Quick question: What is the core value of NASCAR racing? It should be the on-track performance of the drivers and teams. I had the honor and privilege to attend a presentation by NASCAR's Brett Bodine. Last year, NASCAR introduced the new gen 6 race car. NASCAR media praised the car for its looks and improved drivability. In truth, on the intermediate tracks (where most of the racing occurs), the racing was not very good. There were races with no green flag passes for the lead! All those passes occurred on pit road. I can't speak for everyone, but I would rather see on-track racing rather than pit road racing.
On several occasions throughout the season, drivers noted that it was like hitting a brick wall when they approached the lead car.
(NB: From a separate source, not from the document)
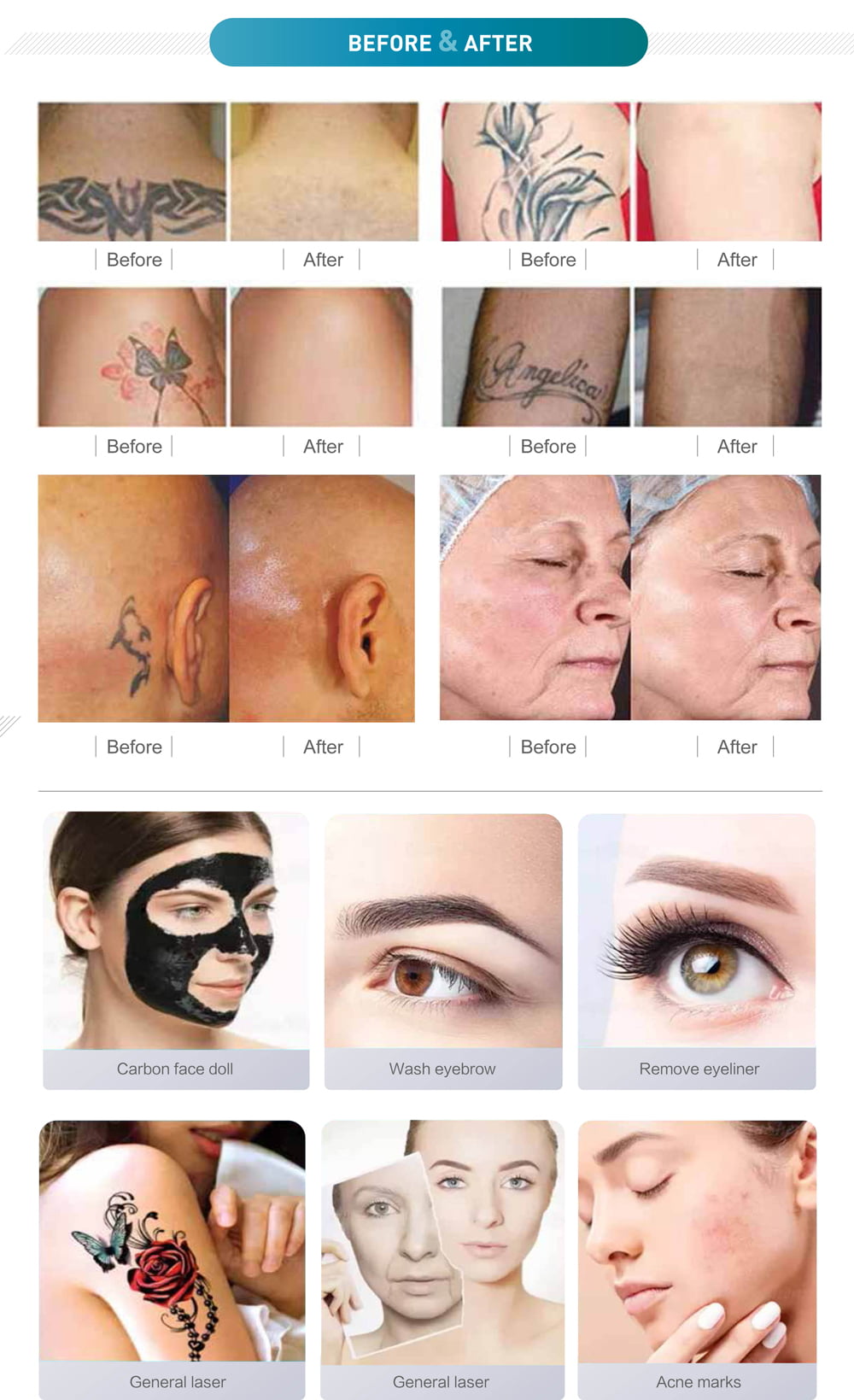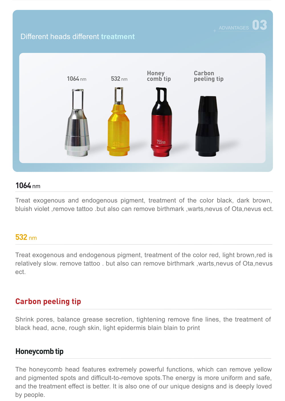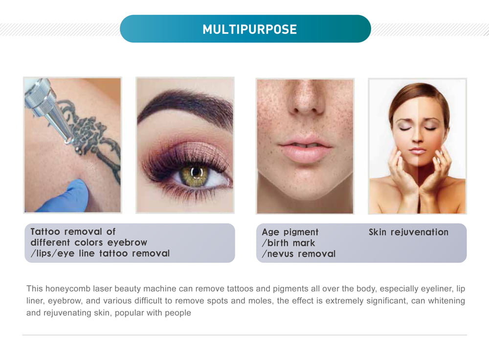 the Q-Switched Nd:YAG 1064 nm laser and the Q-Switched Nd:YAG 532 nm laser wavelengths are absorbed by natural chromophores, like melanin, hemoglobin and water and by exogen pigments like tattoo ink. They are indicated for tattoo removal. The 1064nm is suggested for dark blue and black ink and the 532nm is suggested for red, orange, yellow, and purple ink.

They couldn't pass, and they couldn't figure it out. Through its race monitoring mechanisms, NASCAR realized there was a problem with the intermediate track racing. In an unprecedented move, NASCAR created a team of engineers from the Tech Center and the race teams to tackle the problem. To say I understand the methodology would be a lie, other than to say it involved fluid dynamics. They learned that at three car-lengths behind the leader, the following car had a 47-usable-horsepower advantage. This allowed the following car to close on the leader. As it got within 1.6 car-lengths, there was a dramatic loss in usable horsepower of 136. This was a loss of 183 horsepower. This explains the "brick wall" analogy. It would be nearly impossible for the trailing car to pass.
The next problem area they found was the instability of the car. It was explained that the drivers are not going to drive close to each other if they don't know what the car was going to do. In past years, NASCAR dictated before and after race-ride heights. These were artificial measurements, because the cars never were at those heights during the race. When the cars approached the leader and air was taken off the nose, the shocks and springs would force the nose up while the aerodynamics where trying to force the nose down. This caused a lot of instability and poor drivability. Another issue with the nose was the rounded bottom of the splitter, causing aero instability.
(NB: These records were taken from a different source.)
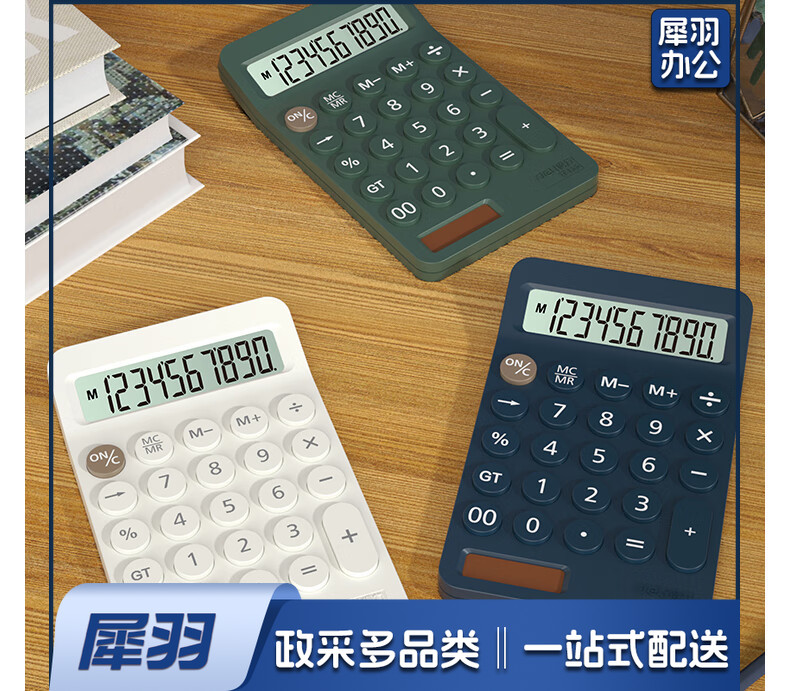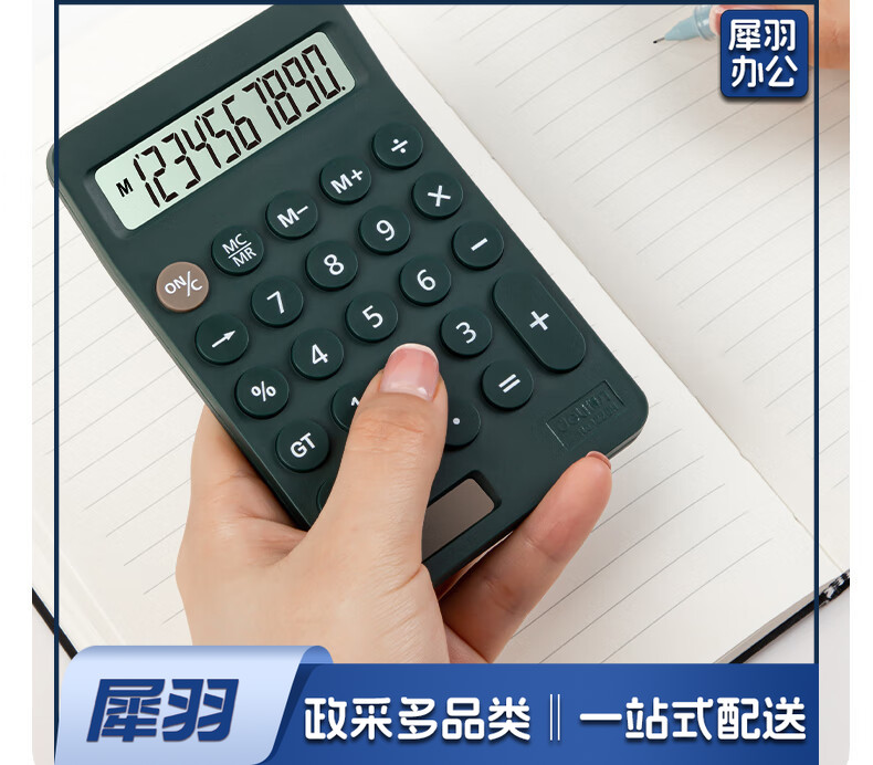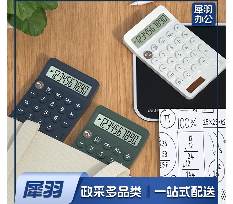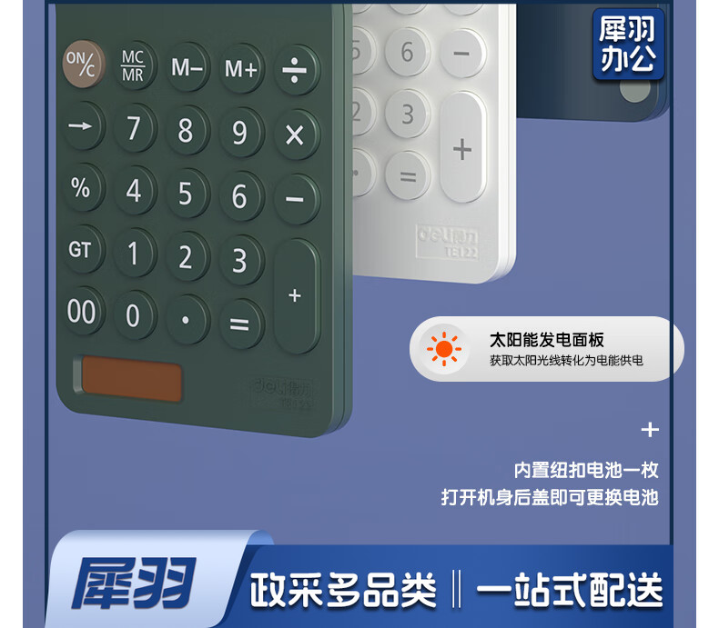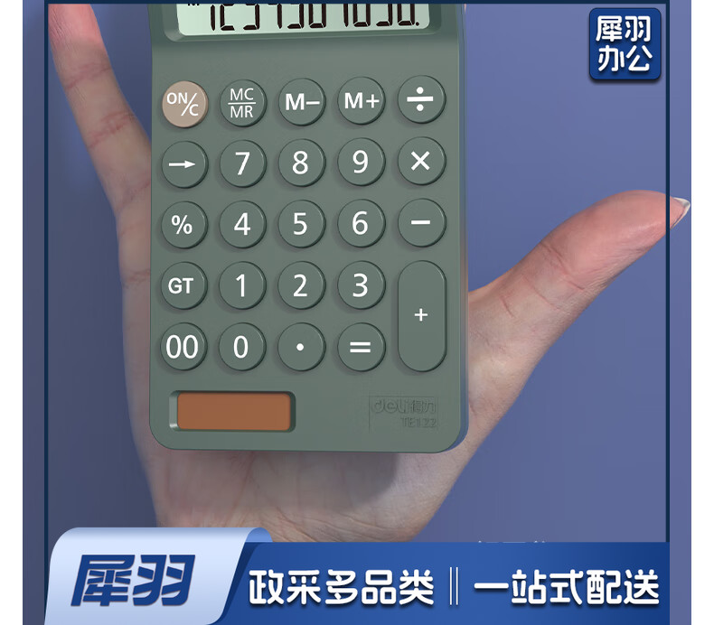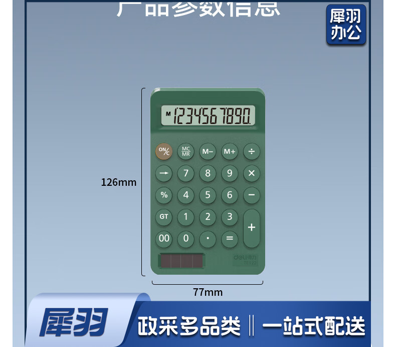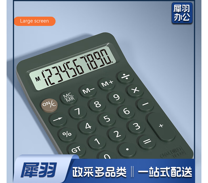 得力(deli)双电源便携款计算器 10位数宽屏桌面计算机 绿色TE122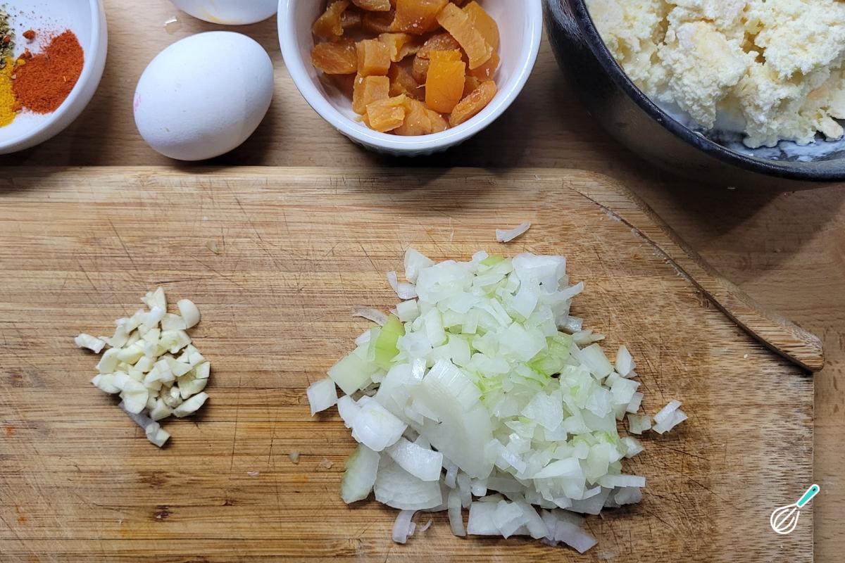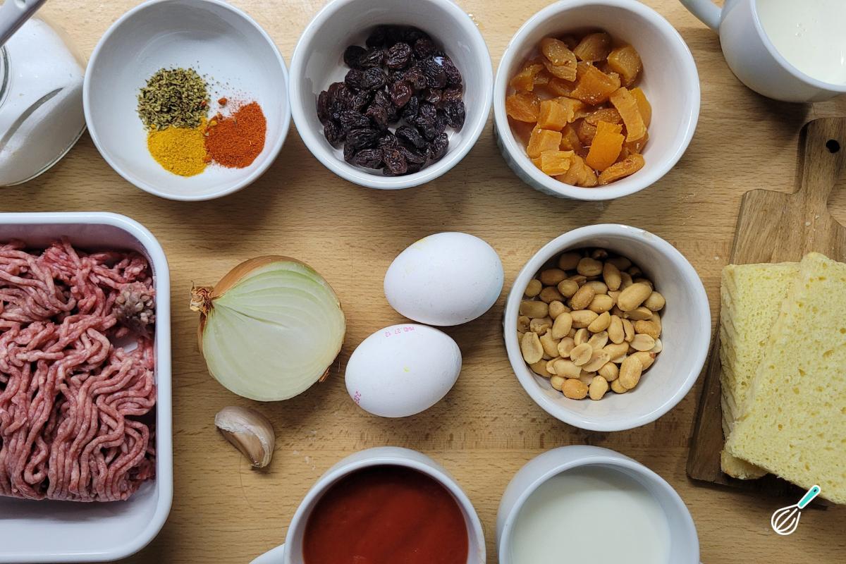 Separe os ingredientes para fazer o bobotie. Você pode substituir as frutas secas pelas que preferir, assim como o amendoim por nozes ou castanhas.
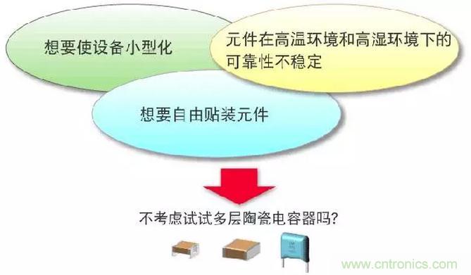 選擇多層陶瓷電容器,元件的小型化、元件貼裝位置自由度的提高使基板具有小型化和由于優(yōu)越的耐濕性,而減少防濕對策的優(yōu)勢。

To fix these problems, NASCAR eliminated the ride-height rule and changed the rule so the splitter is now squared off. With the removal of the ride-height requirement, the teams will be responsible for the side skirt heights. With some of the other under-car aero changes and spoiler rules, this should allow for better intermediate race track racing.
Recently on Sirius NASCAR Radio, Buddy Baker related a conversation he had with Dale Earnhardt Jr. Junior stated he was able to dive under competitors, make it stick, and run side-by-side in the most recent tests. Hopefully, this will hold true for all intermediate race tracks. There will be additional changes in upcoming years that NASCAR was not able to implement because of time constraints. These changes should produce the side-by-side racing that had been lost over the last few years.
I am really looking forward to this season's improved intermediate track races!